Lollipop Chainsaw continues Suda’s taste for utter insanity. It’s a short trip, but breakneck energy and a witty B-grade, grindhouse-style plot also means that this is a game that you don’t really want to be much longer than the four-hour run time. Any longer and it would be at risk of outstaying its welcome – there’s not a whole meat to the combat, and the combat is literally 100 per cent of the game, but at four to six hours, it’s a breathtaking demonstration of creativity and self-referential charm.

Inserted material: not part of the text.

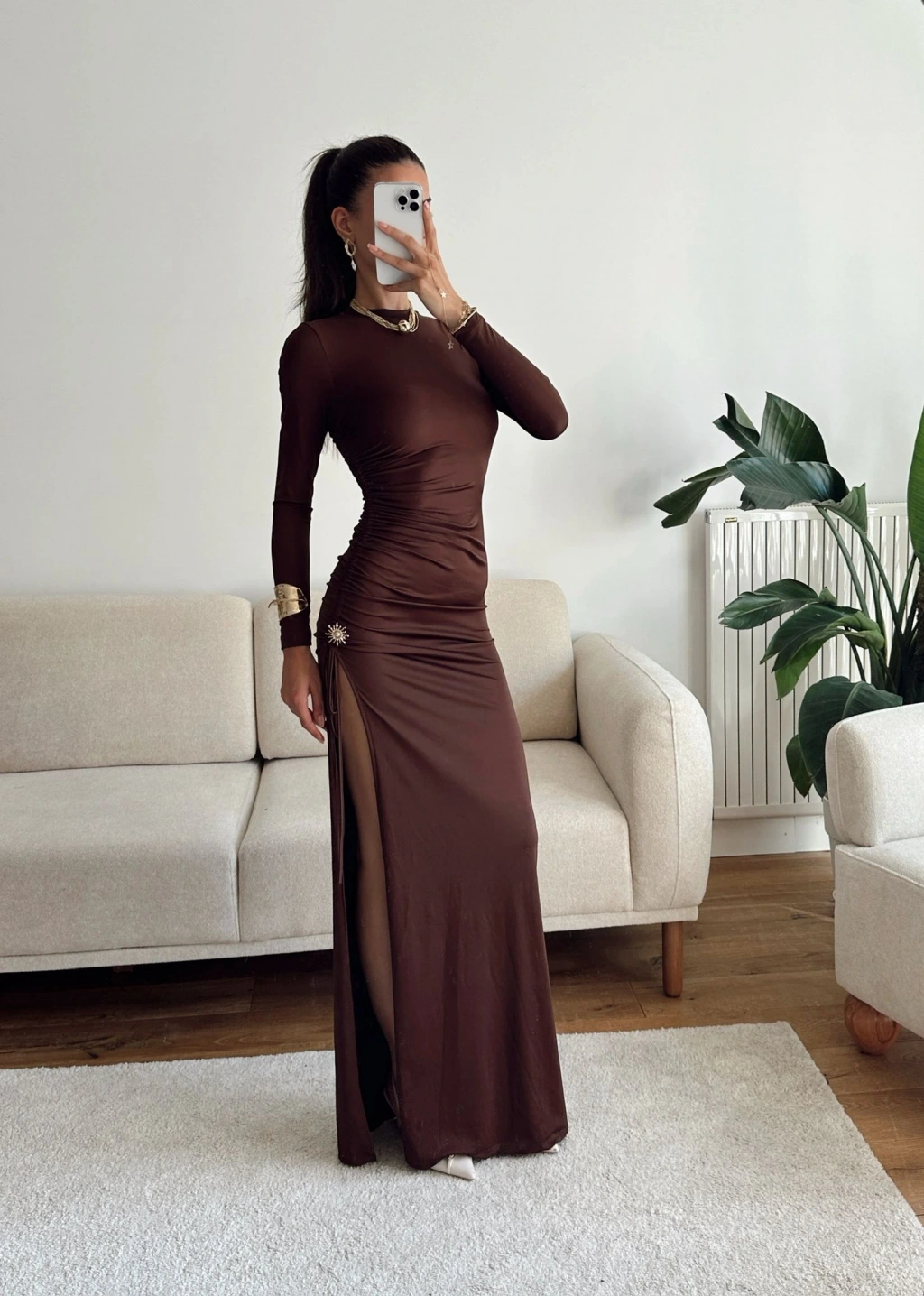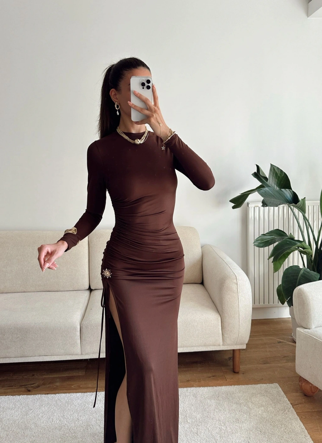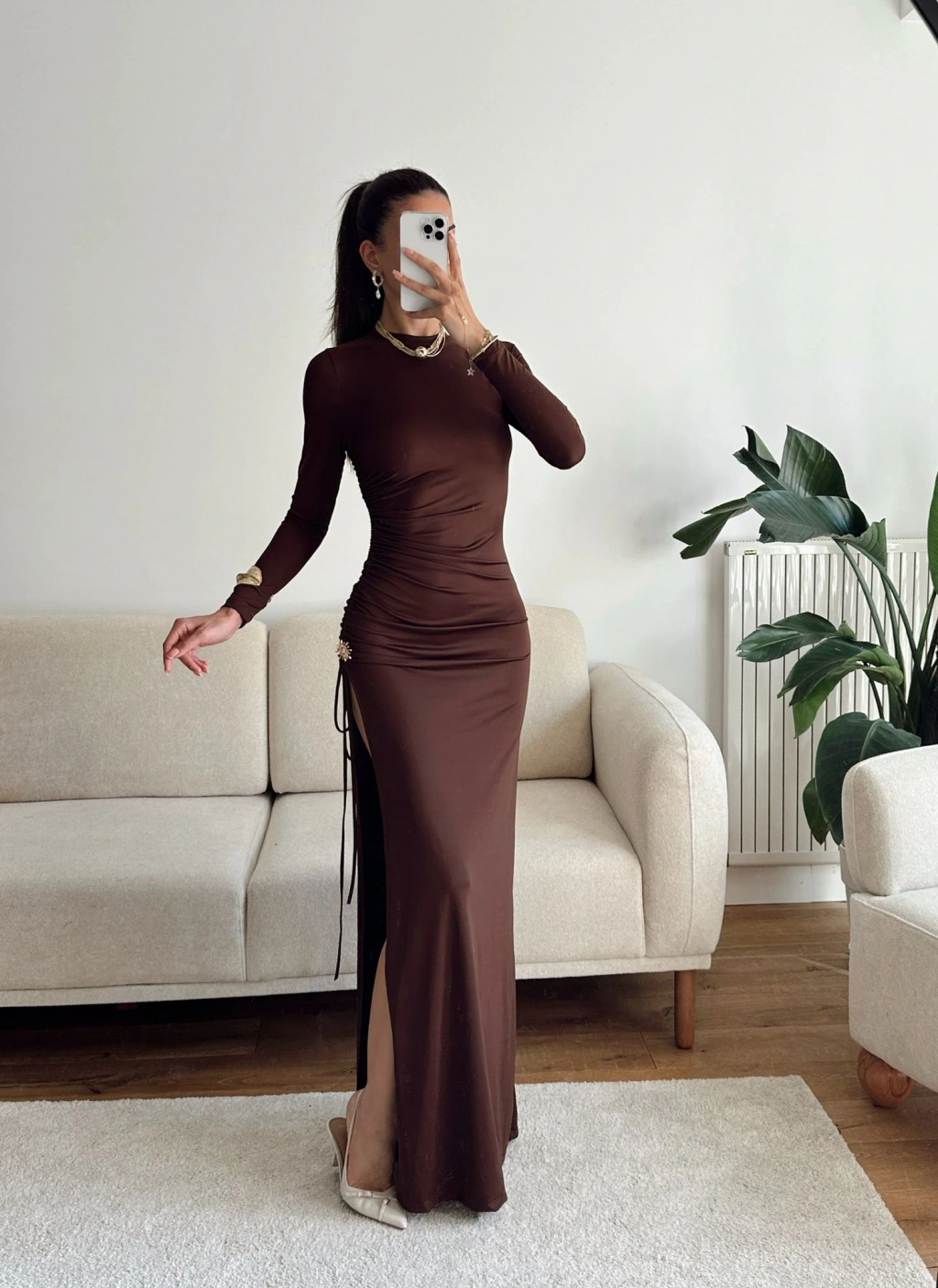 Yan Büzgü Derin Yırtmaç Elbise - KAHVE

But let’s start with why this is one of those rare games where the gameplay doesn’t really matter. Lollipop Chainsaw is one of the weirdest, funniest and utterly morbidly charming games you’ll ever play. It’s a resolutely B-grade horror game with zombies right out of the 70s and a blonde cheerleader lead character that is a weird, gloriously over-the-top take on Buffy the Vampire Slayer.

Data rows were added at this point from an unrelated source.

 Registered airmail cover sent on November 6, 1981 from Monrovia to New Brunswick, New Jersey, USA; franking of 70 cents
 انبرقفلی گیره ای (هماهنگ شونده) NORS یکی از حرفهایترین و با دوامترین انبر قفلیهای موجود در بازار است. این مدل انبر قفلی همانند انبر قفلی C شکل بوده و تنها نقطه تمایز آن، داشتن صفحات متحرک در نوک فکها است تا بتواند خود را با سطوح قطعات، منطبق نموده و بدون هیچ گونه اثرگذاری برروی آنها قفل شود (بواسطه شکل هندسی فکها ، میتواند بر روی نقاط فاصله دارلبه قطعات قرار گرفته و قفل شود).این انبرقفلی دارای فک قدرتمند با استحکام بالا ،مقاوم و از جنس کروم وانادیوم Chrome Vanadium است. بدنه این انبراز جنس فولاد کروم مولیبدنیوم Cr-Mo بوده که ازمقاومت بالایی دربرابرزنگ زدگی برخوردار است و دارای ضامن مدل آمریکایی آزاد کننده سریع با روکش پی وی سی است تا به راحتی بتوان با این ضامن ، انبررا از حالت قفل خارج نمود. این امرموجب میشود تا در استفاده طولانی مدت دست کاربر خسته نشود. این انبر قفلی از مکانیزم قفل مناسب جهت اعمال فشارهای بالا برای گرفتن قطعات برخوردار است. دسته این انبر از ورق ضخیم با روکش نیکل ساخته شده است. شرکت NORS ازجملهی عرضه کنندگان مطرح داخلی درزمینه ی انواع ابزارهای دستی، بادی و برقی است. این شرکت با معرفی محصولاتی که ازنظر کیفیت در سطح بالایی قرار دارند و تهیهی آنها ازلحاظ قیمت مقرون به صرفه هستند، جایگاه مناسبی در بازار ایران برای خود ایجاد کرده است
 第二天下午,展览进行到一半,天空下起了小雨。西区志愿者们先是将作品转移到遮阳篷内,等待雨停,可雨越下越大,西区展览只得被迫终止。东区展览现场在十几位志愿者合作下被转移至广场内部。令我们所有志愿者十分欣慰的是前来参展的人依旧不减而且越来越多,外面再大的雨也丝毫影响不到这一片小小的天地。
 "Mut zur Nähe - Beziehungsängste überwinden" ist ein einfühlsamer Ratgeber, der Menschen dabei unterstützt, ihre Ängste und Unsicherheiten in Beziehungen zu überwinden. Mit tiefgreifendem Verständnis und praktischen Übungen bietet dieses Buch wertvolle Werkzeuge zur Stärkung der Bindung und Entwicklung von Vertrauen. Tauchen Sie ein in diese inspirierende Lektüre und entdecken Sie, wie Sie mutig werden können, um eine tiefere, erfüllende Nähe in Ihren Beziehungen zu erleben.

Not that the game gets too heavy-handed with the self referencing; it’s important to realise that first and foremost that this is a game all about having fun and despite moments of extreme violence the fun is light hearted and, strangely, happy. Most of the gore is literally replaced with rainbows, and while the boss battles (up to usual Suda standards of wild intensity) are incredibly violent affairs, the effect is softened greatly by the explosion of bright colours and adult – but deeply funny – profanity.

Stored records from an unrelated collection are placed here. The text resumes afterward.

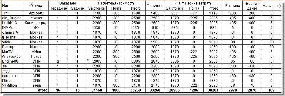 И напоследок. Дозаказываю стойки, одну пару передних и две пары задних. Уточняю, правильно ли поняли. Правильно.
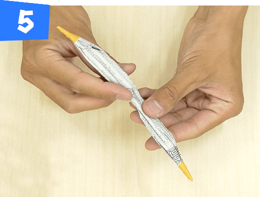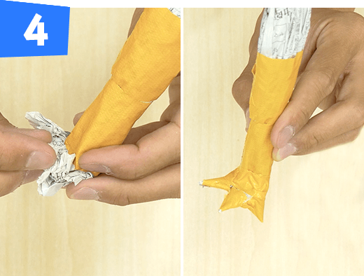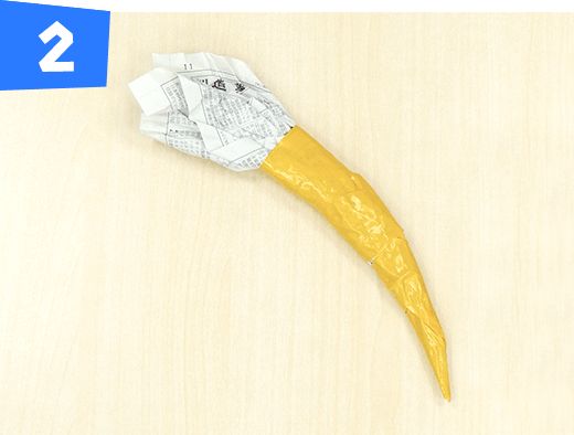 新聞紙1/2枚の真ん中をつまんで先をとがらせてくしゃくしゃにしてしっぽを作り、黄色のテープを巻きます。
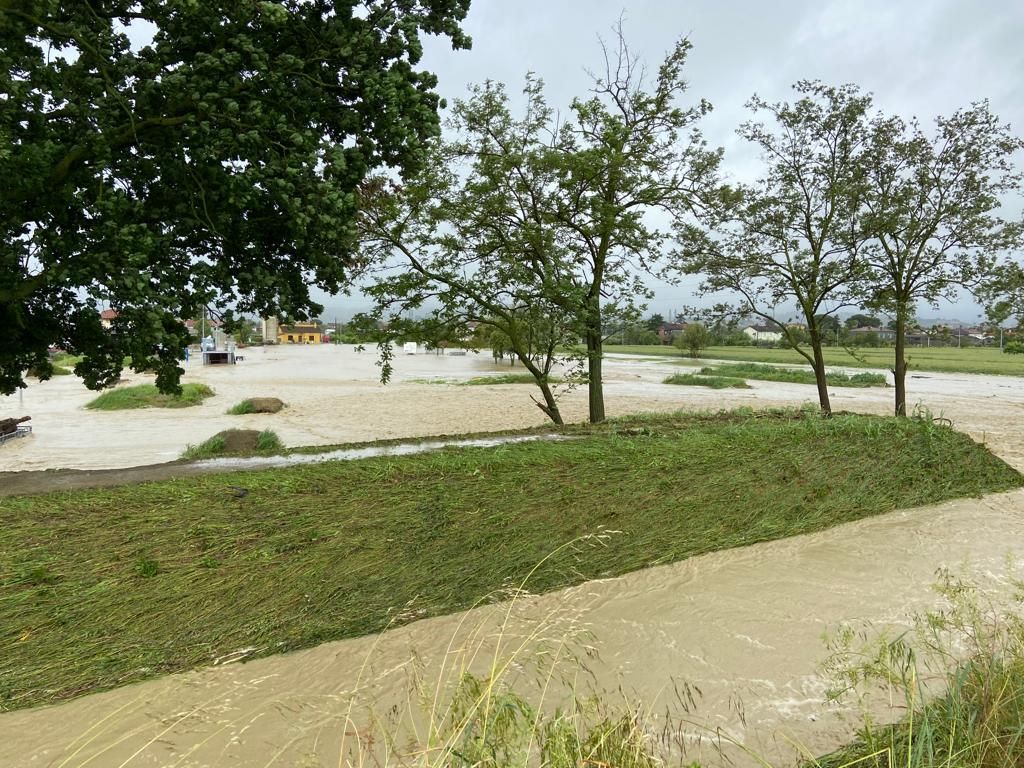 Il Pisciatello ha rotto gli argini a Calisese. La foto sopra è del parroco don Stefano Pasolini. Nel video sotto, il momento in cui il fiume ha rotto gli argini in zona Case Francesconi, a Montiano.

Now, that raw energy is there to mask a very one-note combat system. Lollipop Chainsaw is less complex than a Dynasty Warriors game, with a very simple combo system and no block button (always a sign of a game that has a penchant for being a button-masher). There’s a meter that fills up as you slaughter zombies that lets you unleash a “Super-Juliet” for a couple of seconds (the game will play “Hey Mickey” as that happens, no less), and zombie heads will really roll, but deciding when to use that is the extent of this game’s strategy. Otherwise it’s simply about memorising enemy patterns and exploiting them.
Yes, it’s about four hours long, but do you get off a three-minute roller coaster ride and say to yourself “man that was so much fun, but this ride sucks, it should have been five minutes!”? The sheer creativity on display here makes this game worthwhile, and really, if gamers really do want the intelligent, creative games they claim to want, this game should sell in truckloads.
Somehow I suspect the majority is going to stick with Call of Duty.